Among other things, he blamed ‘historical circumstances’ for such a situation. Contact
of Serbs with modern Europe occurred at a most unfavourable point, at the time of the
French Revolution, which resulted in the prevalence of materialistic ideas. ‘The case of a
Serbian city’ was in his opinion more difficult due to the fact that at the time of Ottoman
rule it was populated by ‘non-Serbs’: Aromanians,38 Jews and Greeks. With their
‘materialistic spirit’ as old merchant peoples, they made this environment even more
dangerous for their rural Serbian surroundings. By mixing with Serbs (marrying their
daughters to Serbs) Aromanians also ‘imposed’ their materialistic positions that gradually
eroded the ‘national spirit’.39
184 M. Ristović

Anti-urbanism was not a special feature of the Serbian extreme nationalist right and
members of the ‘Zbor’ movement. It is ‘commonplace’ in most European extreme right
and fascist movements, including those in the predominantly agrarian South East. Blanket
criticism of the city in Nedić’s and Jonić’s speeches, as well as in those of other Serbian
intellectuals referring to the idea of the ‘third way’ reminds us of the positions of German
national-socialist ideologues such as Walter Darré or Alfred Rosenberg or their
predecessors.40
However, one should not forget the long tradition of thinking about the village as the
basic social, cultural and political factor in the political life of Serbia, as well as of other
Yugoslav and Balkan states. The left, the various conservative parties and the liberals all
had demonstrated an inclination toward instrumentalising and romanticising the village,
trying to generate from the old idealised model of a rural extended family community mass
support for their policies and programmes.41 Conservative streams of ‘rural mythology’ in
the Balkans before the Second World War received external ideological incentives,
leading to its further distortion into forms that were extremely leftist and fascist.

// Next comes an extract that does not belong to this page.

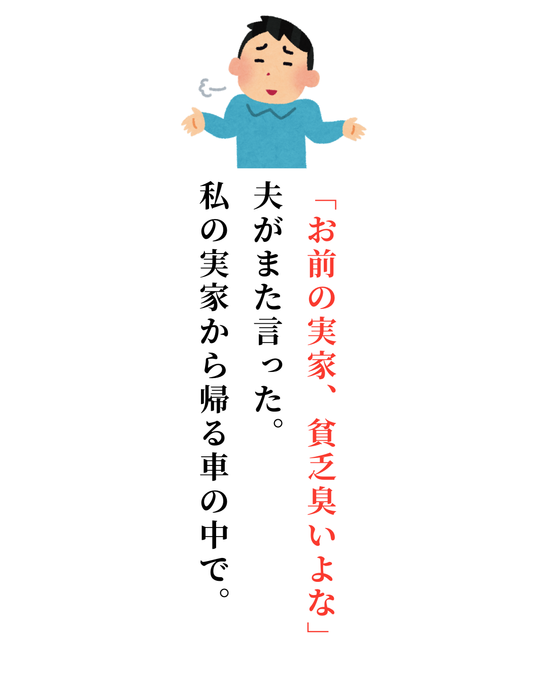 私の実家に行くたびに、「狭い家だな」「ボロいな」「この地域、治安悪そう」と文句を言う。

The mystification of the village encompassed all principal terms from the terminology of
fascist movements in the European South East in which the central (general) issues are
‘defence of Christianity’ (as an obstacle to communism and materialism), (unclearly
defined) ‘race’, ‘spiritual renaissance’, as well as the ‘organic’ peasant state. This can
easily be noted by comparative analysis of ‘programme texts’ of Romanian ‘legionaries’,
followers of Ljotic’s ‘Zbor’ and of Croat Ustashi.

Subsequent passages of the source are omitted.